While the CMS garbage collector has been abolished in JDK 9, CMS is still a good alternative to JDK 8 and its predecessors in pursuit of low latency.
G1 – Garbage First
HotSpot provides an alternative garbage collection strategy to address a number of problems with the CMS algorithm. Starting with JDK 9, G1 replaced Parallel GC as the default GC in the JVM. One of the core goals of the G1 is to make stop-the-world times predictable and configurable. For example, you could require stop-the-world pauses of no more than 5 milliseconds per minute, and the G1 will do its best to do that, but not necessarily.
Unlike previous generations of heap memory, G1 divides the heap into a number of small regions (typically 2048), each of which may be Eden, Survior, or Old.
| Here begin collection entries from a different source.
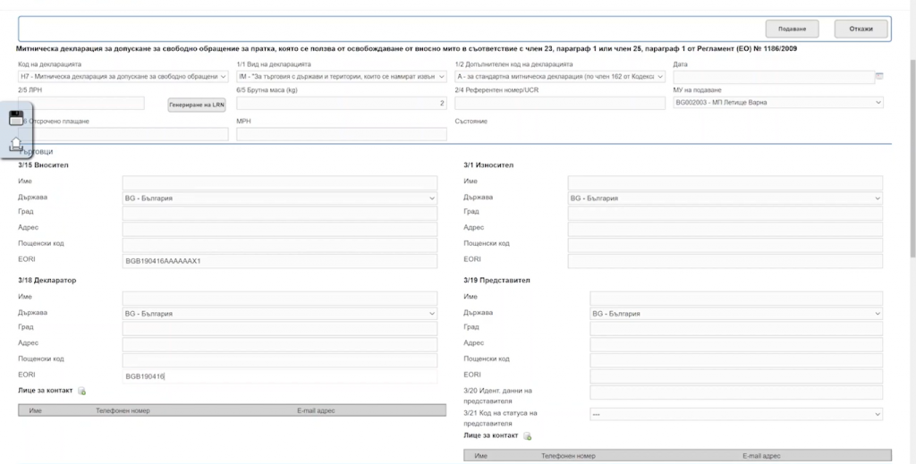 Както и стандартната митническа декларация при внос, така и новата митническата декларация с намален набор от данни ще се подава по електронен път съгласно чл. 66, ал. 2 от Закона за митниците.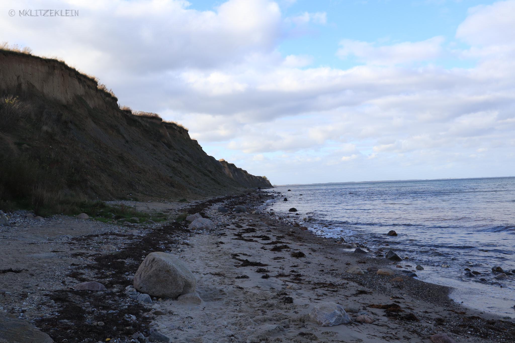 Kaum um die Kurve der Landspitze herum, hatten wir es auch schon herausgefunden: Dieser Weg würde uns zum Klärwerk bringen. Aber auch zur Steilküste. Genau das war der Weg, den ich einschlagen wollte. Ich bin eine große Fanin von Steilküsten. Wohl oder übel ging es dann aber doch noch am Klärwerk vorbei. Immerhin lag etwas weiter am Weg auch noch der Aussichtspunkt „Eckernförder Blick“. Hier saßen wir einen kurzen Moment und schauten auf das Meer. Und plötzlich regnete es hunderte Buchenblätter. Was für ein Anblick.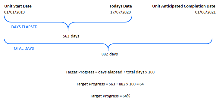 Target progress for each Unit is calculated using: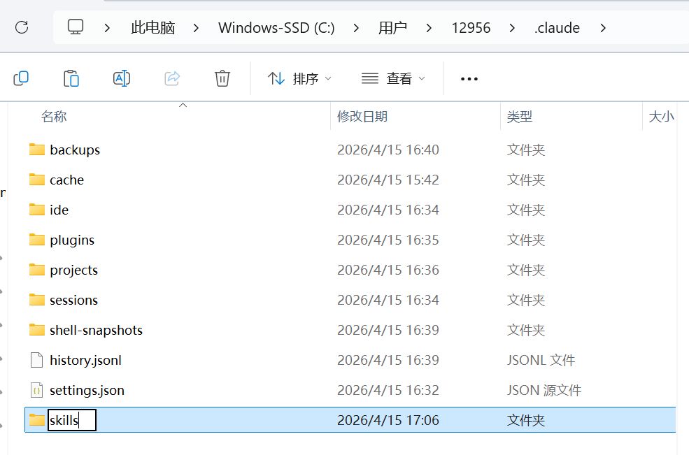 首先我们在everything里搜索.claude,找到CC的根目录,在里面创建一个skills的文件夹,之后把网上的skills下载到这里就可以使用了。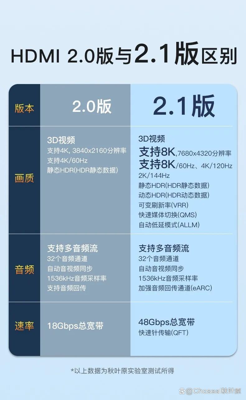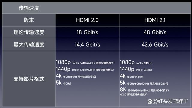 主要差异在于传输速度,HDMI2.1理论传输速度可以支持48Gbit/s,HDMI2.0理论传输速度可以支持18Gbit/s。2.1比2.0的速度更快。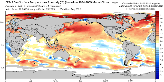 High sea surface temperature anomalies are forecast for the Arctic Ocean for August 2025, as illustrated by the image below, from tropicaltidbits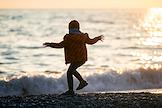 Виды Сочи. Жанровая фотография. Ребенок во время вечерней прогулки на пляже "Ривьера".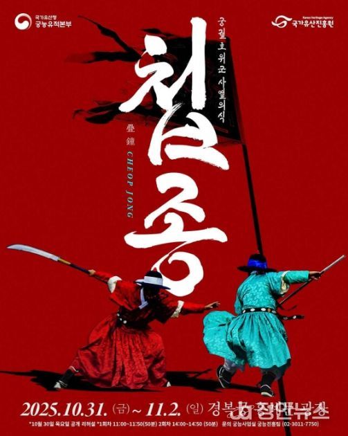 정안뉴스 안정주 기자 | 국가유산청 궁능유적본부는 국가유산진흥원과 함께 10월 31일부터 11월 2일까지 하루 2회(오전 11시, 오후 2시) 경복궁(서울 종로구) 흥례문 광장에서 '2025년 궁궐 호위군 사열의식 ‘첩종(疊鐘)’' 행사를 개최한다.

Logically, Eden and Survivor regions constitute the new generation, and Old regions constitute the Old age. This design allows the GC to collect only some of these areas each rather than the entire heap. But the new generation participates every time. Another novelty is that G1 can estimate the number of live objects per region, and the regions with the highest number of live objects are collected first, hence the name of the collector, Garbage First.
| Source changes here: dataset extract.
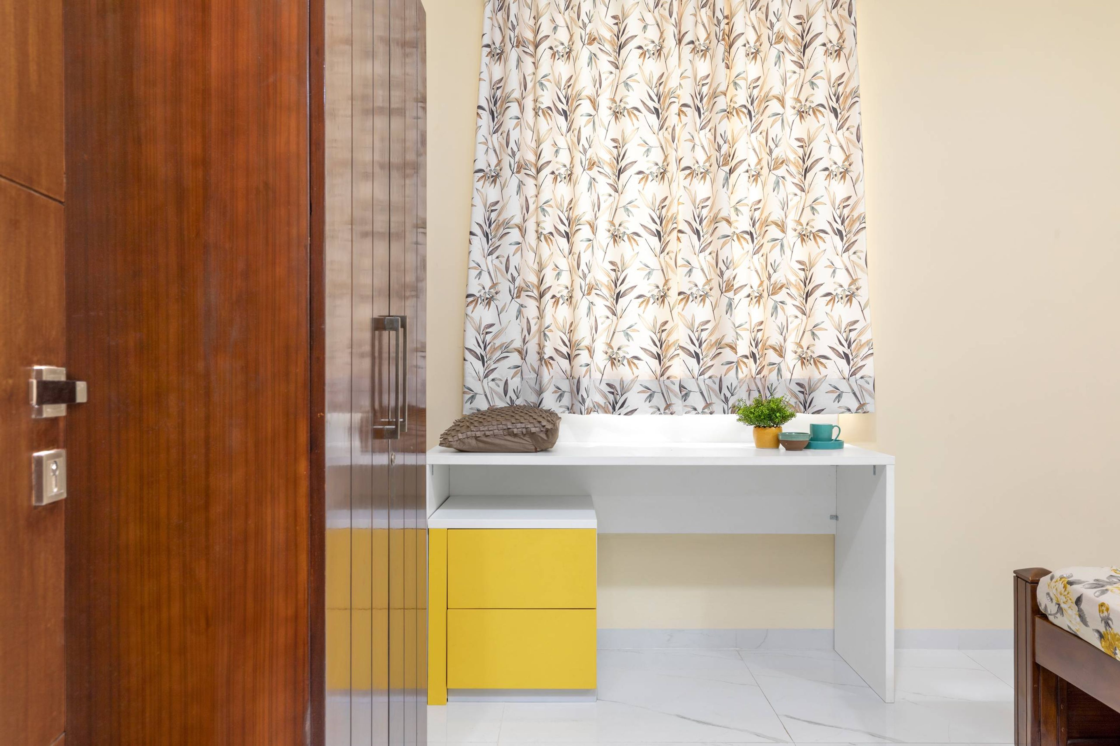 • Storage Features: White and yellow wardrobe with a tall unit on the side for open storage

G1 can be roughly divided into Young GC and Mixed GC. Young GC deals with all Young regions, while Mixed GC deals with all Young regions and some Old regions. As to which Old regions to select, concurrent tags are required to gather the necessary information. The normal workflow of generational G1 is to switch between young GC and Mixed GC as appropriate, followed by periodic concurrent markers to collect data.
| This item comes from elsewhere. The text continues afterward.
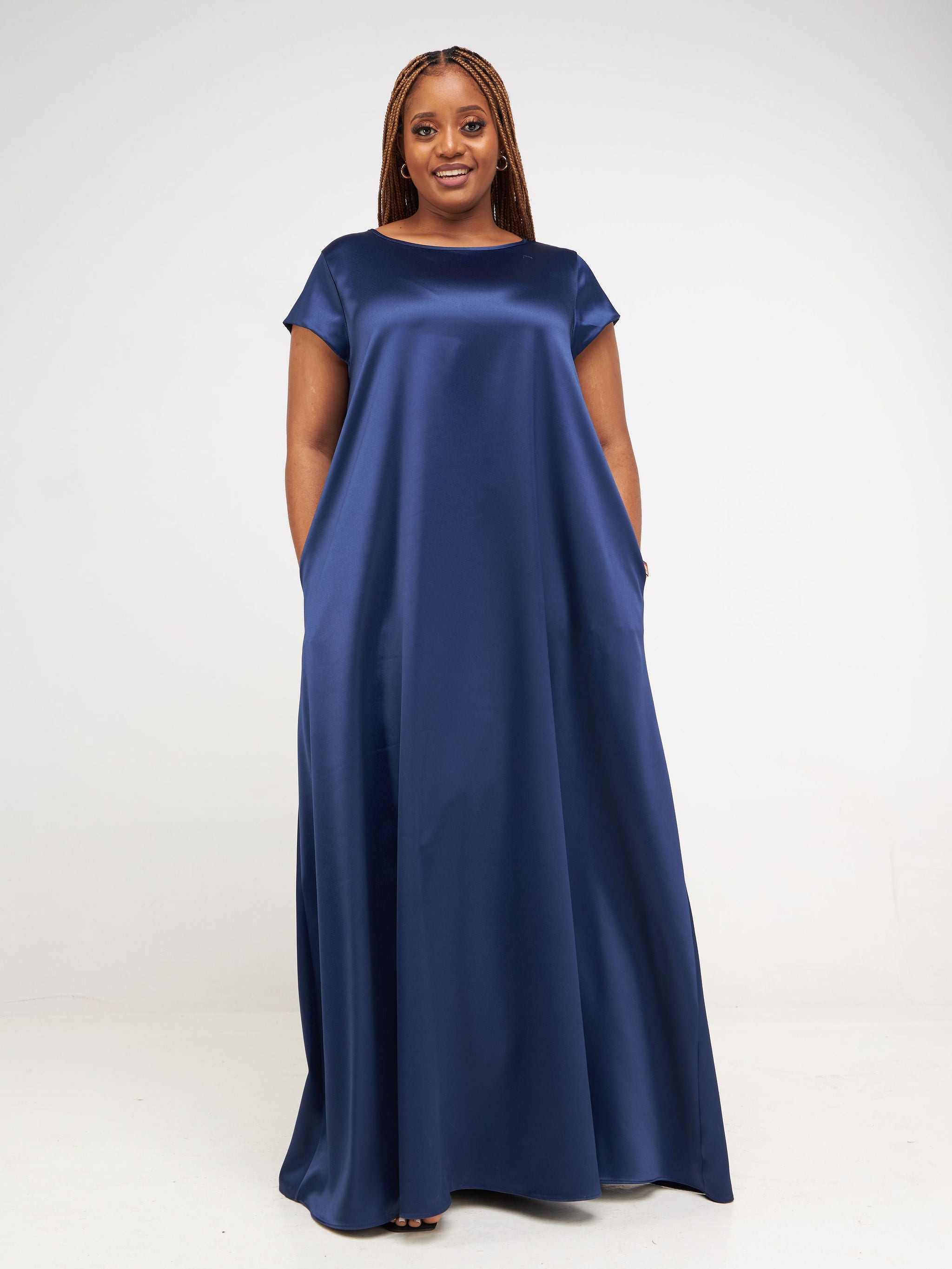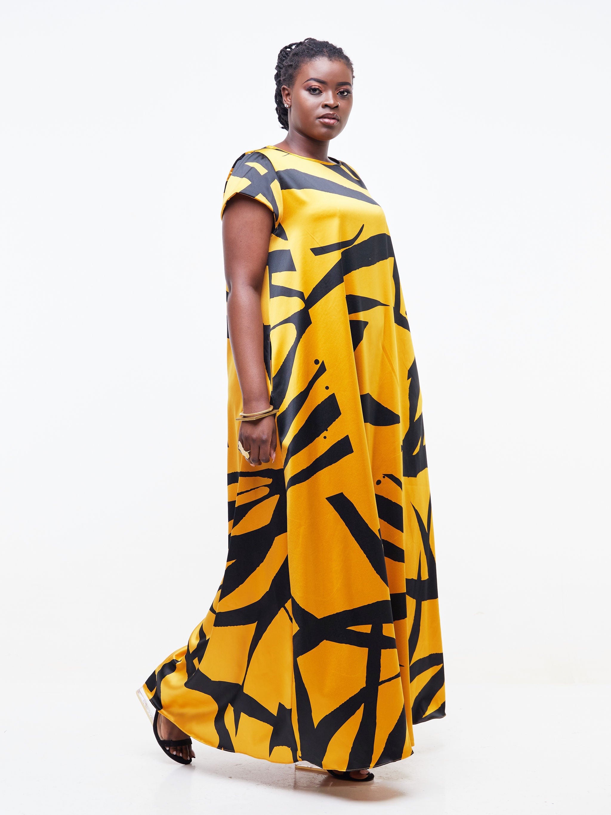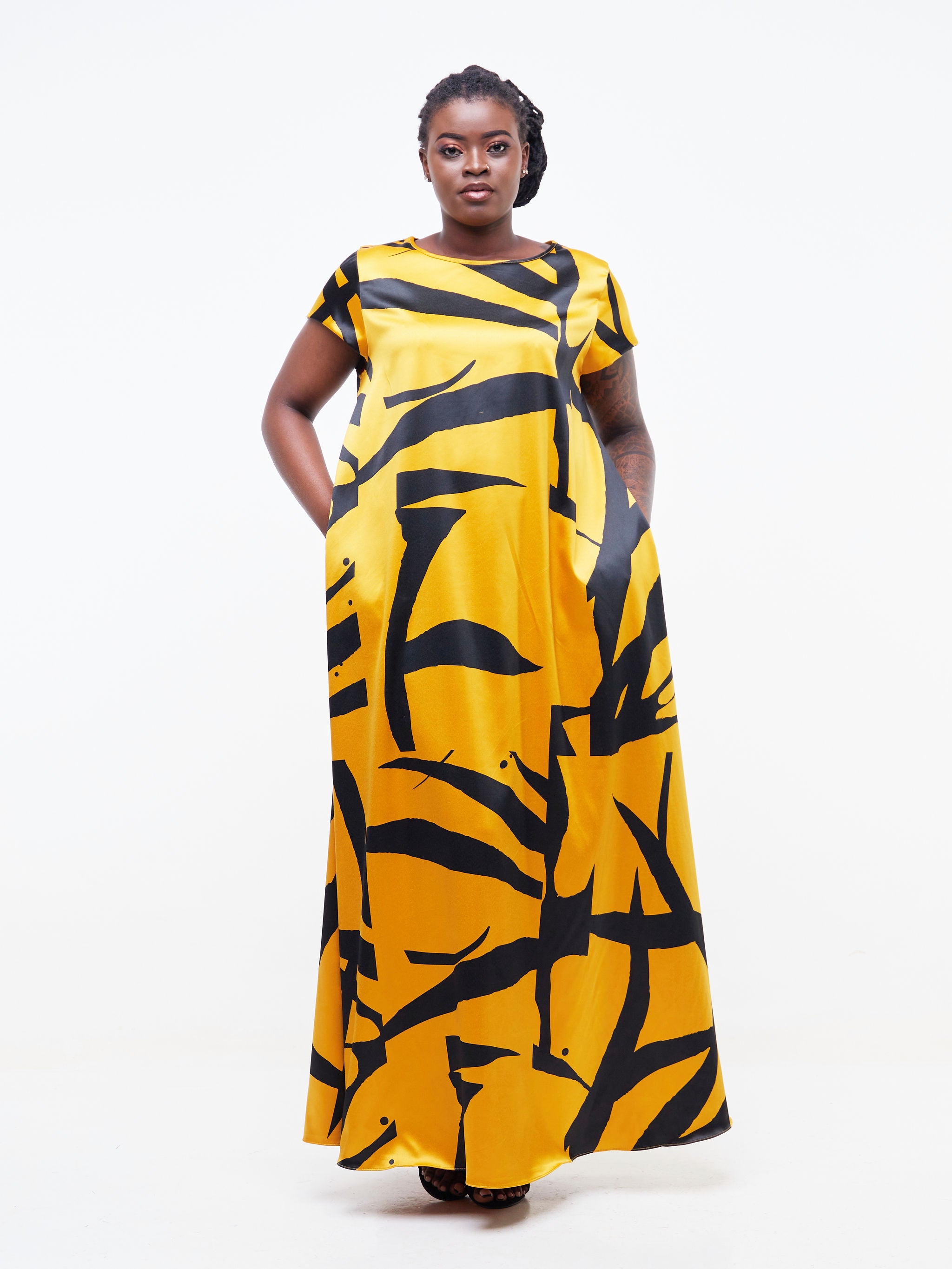 Vivo Basic Satin Cap Sleeve Tent Maxi Dress - Mustard / Black Abstract Print

Young GC — Recovery of Evacuation stages of Young generation only (Fully Young Pause)
At the beginning of the application, G1 has no additional information to run the concurrent phase. So at this stage, G1 behaves much like other generation-generation collectors in that it needs to stop-the-world, use a replication algorithm, and copy the surviving objects into a Survivor zone, or into a free zone (which later becomes a Survivor zone). This phase can be understood as Young GC (Minor GC). The so-called evacuation is actually copied to other areas.
Concurrent Marking
Many of the concepts of the G1 collector are based on the CMS, so the flow will be somewhat similar. However, there are a number of differences, such as CMS’s incremental update approach, where additional mark changes are referenced and processed, while G1 uses SATB (snapshot-at-the-beginning) to maintain concurrent GC correctness. Snapshot-at-the-beginning is a logical Snapshot of all live objects At The Beginning of The GC. The live objects in this Snapshot, plus The newly allocated objects later in The GC, are considered final live objects. Other unreachable objects are dead. For details on how SATB works, see G1 with R capitalized
Like CMS, this stage can be specifically divided into the following stages. The purpose of each stage is similar to that of CMS, but the specific implementation will be different:
- Initial Mark
- Concurrent marking
- Final Marking (Remark)
- Cleanup
The Initial Mark is completed in the Evacuation Pause. Note the cleanup here, which doesn’t actually cleanup the actual objects on the heap, but rather counts how many live regions each region has and sorts them according to the expected GC efficiency in preparation for the mixed GC. However, if no live object is found in the region, the entire region is reclaimed to the list of regions that can be allocated.
Mixed GC — Mixed Evacuation Pause: Mixed
This stage does not necessarily follow the concurrent mark, but it is not necessary if, for example, a large portion of the old age can be freed at the same time. Therefore, it may be easy to have some recovery only young evacuation phases between the end of concurrent marking and the suspension of mixed evacuation.
In this stage, all regions in the new generation are selected, and several old regions with high returns are collected according to the statistics of concurrent markers (old Gen regions with high returns are selected as far as possible within the cost target specified by users) for collection.